We came to the end of the graveyard, where two large piles of stones stood above the rest. The tops were draped in woven garlands of dried flowers.
“They deserved to be laid to rest with the people they loved so dearly,” she said, stopping in front of them and bowing her head at each.
“You buried them yourself?” Jax asked, his tone breathy with astonishment.
She nodded. “It took me two days to dig the holes deep enough, and another day to drag them here and fill in the dirt.”
I shook my head. “You poor, sweet girl.”
She wiped a tear from under her eye, the liquid glistening on the back of her hand in the moonlight. “I just couldn’t stand the thought of burning them. And I wanted to have a place where I could visit them.
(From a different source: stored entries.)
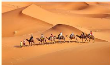
ชีอูฐชมทะเลทราย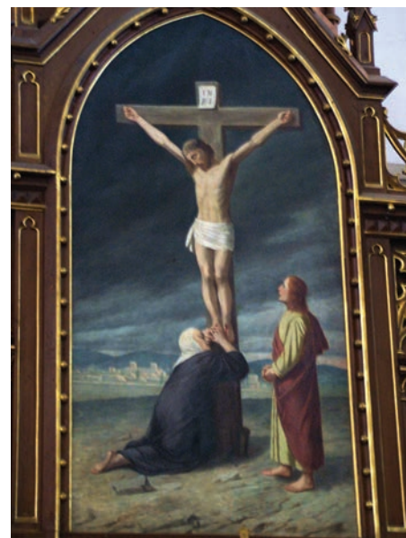
8. kép. Szarvas-Újtemplom

Marcalgergelyi első fatemploma 1754-ben leégett. Második fatemplomát is többször kellett felújítani. 1783-ban épült fel magtárra hasonlító, torony nélküli harmadik templomuk. A ma is álló, sorban negyedik, eklektikus stílusú templom 1910-re készült el. Az oltárképet ekkor Munkácsy Mihály Gol-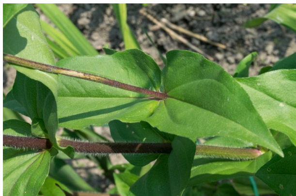
Slika 9. List Zinnia elegans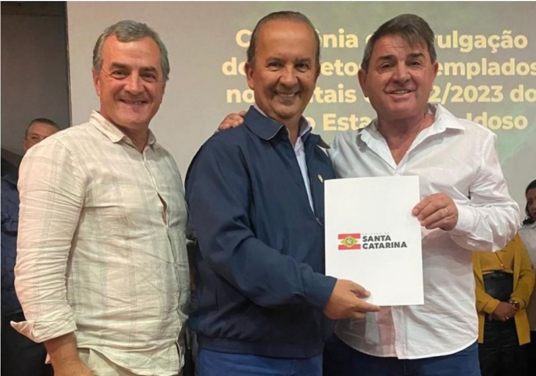
Figura 266: Anilson Spricigo, secretário de Assistência Social; Jorginho Mello, governador de Santa Catarina; e Agustinho Menegatti, prefeito

Graças à agilidade da equipe da Secretaria de Assistência Social que, em tempo hábil, cadastrou as propostas, o município foi contemplado com o recurso, a ser aplicado em oficinas de pilates, atividades físicas, artes e outras ações. O projeto poderá durar até um ano e o início das atividades estava previsto a partir da liberação do recurso pelo Estado.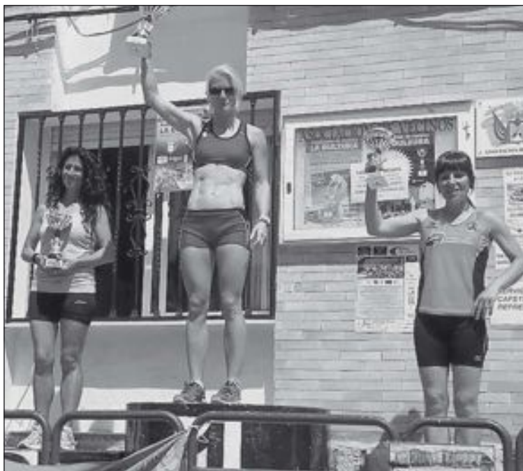
Podio de la categoría Veteranas

Participaron corredores de toda la comarca, entre ellos del Club Teixereta d'Atletisme de Ibi y del Club Atletisme Castalla .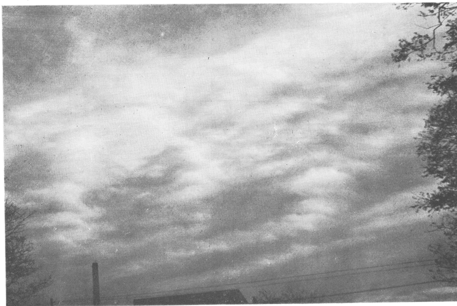
層状の層積雲：1956年の雲図帳によれば Stratocumulus stratiformis opacus すなわち層積雲—層状—不透明と分類される。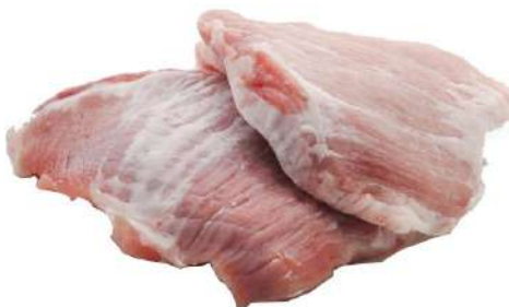
SECRETO CERDO DUROC ALIMENTADO CON CASTAÑAS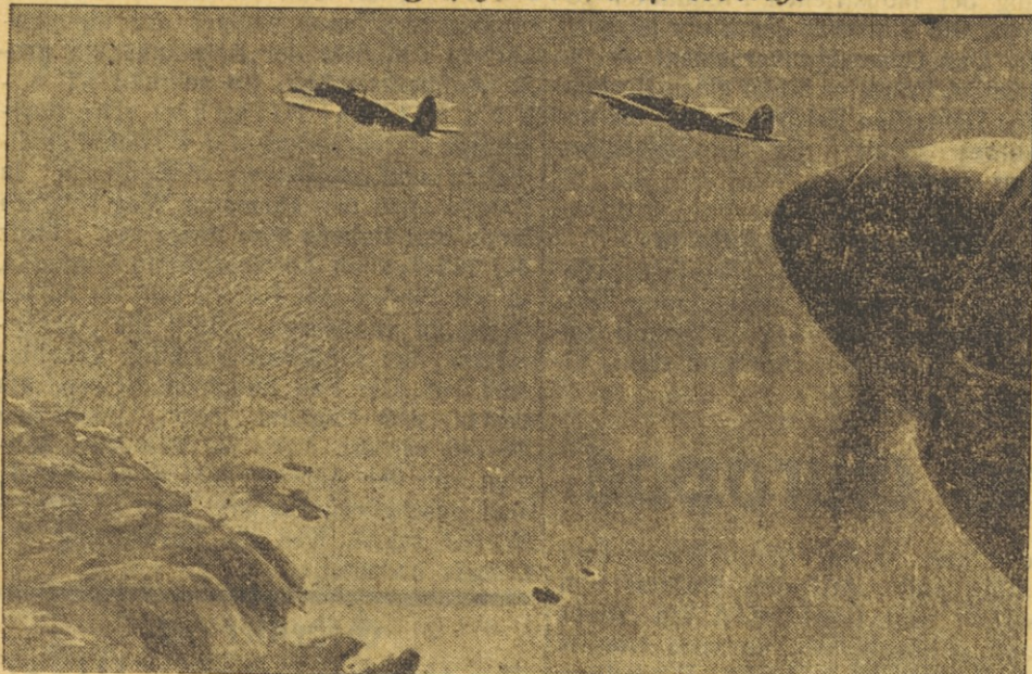
Eine Kette deutscher Heinkel-Kampfflugzeuge He. 111 steuert auf ihr Ziel zu.

Every few weeks, I fashion new flower garlands and bring them out here to replace the dead ones.”
Jax stepped forward and knelt in front of them. “Your Royal Highnesses, it’s an honor to meet you at last. I only wish it could have been under different circumstances.”
I followed his lead, kneeling beside him in front of the graves of the monarchs we’d come here to kill. The guilt was overwhelming, crushing me like the memorial stones that marked their final resting place.
“You may be gone,” I said. “But your legacy lives on in your daughter. She’s an incredible person, and I think you’d be proud of the woman she’s become.”
“I know you can’t answer, but we’d like to formally ask for your daughter’s hand,” Jax said, and my throat constricted painfully. “Against all odds, we’ve mated to her. Fate works in mysterious ways... But we promise you that we will love, cherish and honor her until our dying breath. We will do our best to live up to the expectations you would have had for her husband.”
I smiled tightly, because I felt those words with just as much conviction with which he spoke them. I couldn’t put it off anymore. I had to tell her the truth.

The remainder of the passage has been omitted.